La tercera dificultad para encarar una sólida salida de negociación es la relativa a la creación de una comisión de la verdad o de esclarecimiento histórico de la violencia. Para las FARC el esclarecimiento histórico es algo así como la reconstrucción del conjunto de fenómenos, instrumentos, dispositivos de control, dominación y disciplinarios, mecanismos de poder, tácticas, estrategias, entre otros factores o variables desplegadas para el ejercicio de la violencia, mientras que para el gobierno es un instrumento de justicia transicional consistente en órganos oficiales, temporales y de constatación de hechos que no tienen carácter judicial, y que se ocupa de investigar el abuso de los derechos humanos o el DIH que se han cometido por largos años, una diferencia enorme que apunta, por parte de las FARC, a construir una narrativa de la historia diferente a la edificada hasta la época actual.

Una última reflexión tiene que ver con la negativa de las FARC a la pena privativa de la libertad de sus miembros. Habrá que hacer un profundo debate nacional en torno a la necesidad y los fines de la pena en relación con sujetos políticos, no como facinerosos, narcotraficantes, sujetos desviados o terroristas, y no me refiero exclusivamente a los miembros de las FARC, sino a todos los máximos responsables del CAI.

Será necesario establecer un conjunto de penas principales y accesorias más allá de la pérdida de la libertad, que tenga en cuenta variables como la condición personal de los autores, la función que cumplió en el conflicto, los intereses y motivaciones, entre otras, y un conjunto de limitaciones como la participación política, el ejercicio de la profesión u oficio, el acceso a la propiedad, la participación en directivas, juntas u otros tipos de organización social, entre diversas posibilidades, así como a acciones simbólicas en aquellos casos en que las víctimas o victimarios pertenecen por ejemplo a comunidades indígenas.

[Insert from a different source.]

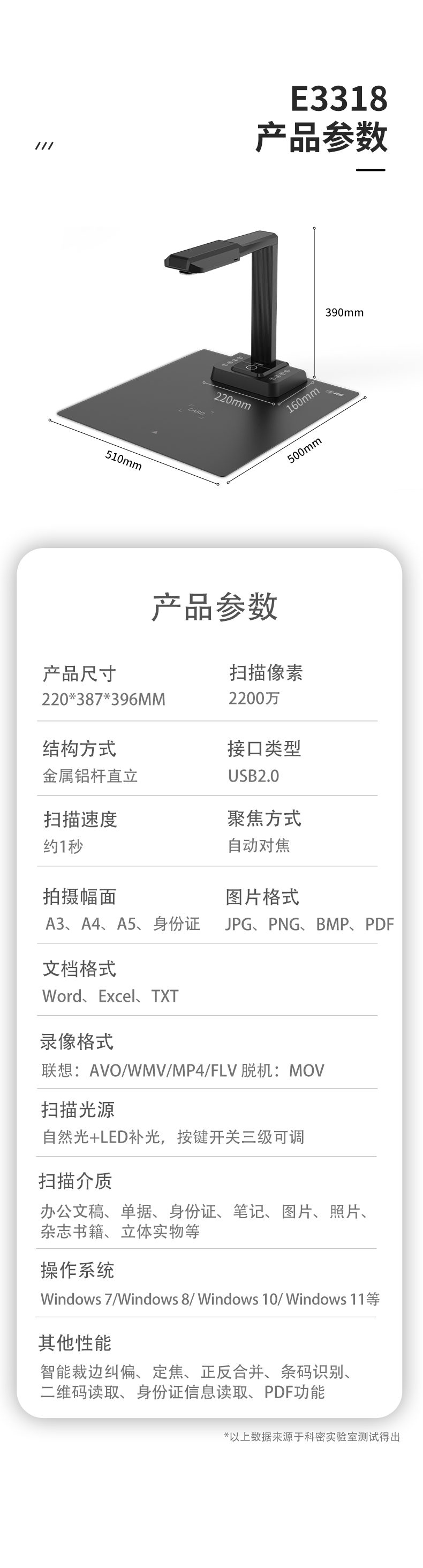科密(comet) E3318 高拍仪2200万像素扫描仪 A3A4幅面 曲面展平OCR图文识别

Sería deseable que en los juicios ante el Tribunal Ad Hoc las víctimas tengan la mayor participación posible, incluso en audiencias de imposición de penas que impliquen un ejercicio de reparación, perdón y reconciliación. Finalmente, no se trata de un ejercicio de venganza sino de acciones que impliquen la no repetición, con un juicio profundo de responsabilidad política, con una mirada en clave de memoria histórica que cierre los ciclos de violencia de una vez por todas, con un conjunto de garantías judiciales acorde con las normas internacionales, sin un espíritu de humillación y sobre la plena dignidad de las víctimas y los victimarios.

* Consultor independiente. Exasesor de la Vicepresidencia de la República y la Embajada de Estados Unidos en Colombia.